When smart phones became available at a reasonable price on contract I went straight to the shop and emerged with a shiny new phone which I had no idea how to use. Within the space of a week I had gone out into town and had come back phoneless – I won’t go into detail but all I’ll say is that the truth of what actually happened versus the embellished story I used to explain the situation to my parents were somewhat at odds with each other. In the latter I’d featured as the downtrodden victim of a facetious criminal who had targeted me with nothing but malicious intent whereas the former (more realistic) version featured a pair of high-heels, a shiny, alcohol laced floor and a spread eagled Jordan Murphy whose inebriated brain could only focus on one operational task at a time, the consequences of which led to a considerably extended window of time for fellow dance-floor inhabitants to seize as yet, unclaimed scattered handbag items.
As if this story were not terrible enough, after waiting painstakingly for the two year contract I had signed to end so that I could finally be on par with my, by this time, much more technologically advanced peers, I walked into the shop, re-emerged with said desired smartphone and repeated the same process all over again. Four years after the beginning of this woeful tale began, I experienced a “third-time-lucky” situation and you’ll be glad to hear that my wiser and much more sensible self has had the self-awareness and organisation to be able to hold onto my smartphone!
By the time I finally had such a device, apps were already a well-established phenomenon and it has taken me until now to fully feel comfortable with and actually enjoy using them. I have in fact crossed to the other side and can now say “I couldn’t live without my I-phone”.

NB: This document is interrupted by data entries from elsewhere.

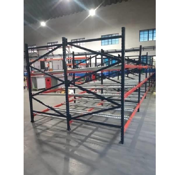 Mild steel FIFO rack system for crate storage. Size 2000 x 1000 x 2500 mm with 2500 mm height. Ensures efficient and organized FIFO storage.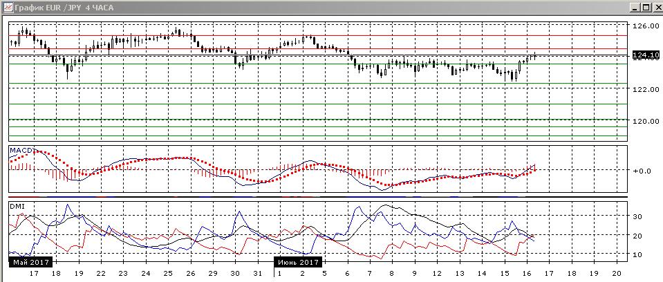 На четырёхчасовом графике произошёл переход к росту: пара преодолела серию предыдущих относительных максимумов, по индикаторам направленного движения пара перешла к росту. Пока пара выше 123,50, более вероятно продолжение роста, при возвращении ниже преодоления уровня 123,50 превращается в «ложный пробой», и становится предпочтительным снижение вновь к 122,30.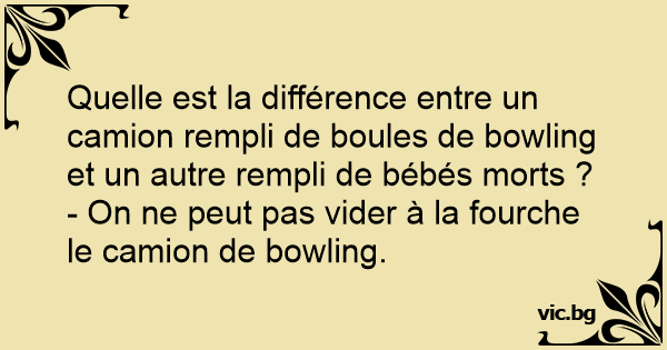 Quelle est la différence entre un camion rempli de boules de bowling et un autre rempli de bébés morts ?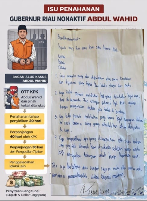Mataxpost | Pekanbaru,- Sebuah surat tulisan tangan berisi sumpah dan klarifikasi yang disebut dibuat oleh Gubernur Riau nonaktif Abdul Wahid beredar luas di tengah proses hukum yang menjeratnya di Komisi Pemberantasan Korupsi (KPK). (12/01)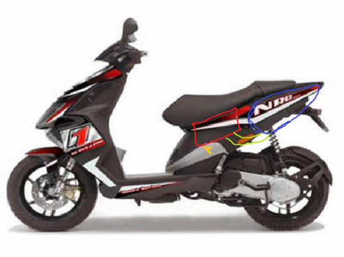 poi prendo una tanica che non abbia il buco enorme la metti nel sottosella poi fai un buco nel sottosella e con un tubo colleghi il serbatoio alla tanica (tubo verde nel disegno)

Some of the apps I’ve found really useful, aside from the obvious social networking sites and other tools we’ve covered in this course are Evernote and Google keep which are great for personal organisation, facilitating what I essentially consider my own personal database of files which can be accessed anywhere on any device. Though an internet enabled sign-in is required on PCs, the app on my phone allows me to access documents without the internet. Evernote allows users to create “Notebooks” in which any type of file is stored. For instance I have a travel notebook in which I keep a tube map, train timetable, any ticket booking confirmations and also quick notes I’ve jotted down about how to get somewhere. I have a recipe notebook, a work notebook and a “Tickets and confirmations” notebook. The free version has been more than adequate so far for my personal requirements as I only use it for current documents and delete any I no longer need. I suppose it’s nice to know your files are saved in an additional place which is easily accessible that requires no internet connection.
A very useful feature was the provision of an email address for my evernote account which could be used to email documents to although this is limited and I have now reached my capacity. All in all though a very useful app.
I also love functional apps such as mobile banking and the BBC weather app because, well, I have to live up to the British stereotype of constantly checking the weather despite the fact that one can be pretty safe in the knowledge of grey, cold, wet.
I will also check out the GUM app and see what happens with my copy of John Green’s novel which I’m fairly certain is sitting on my bookshelf.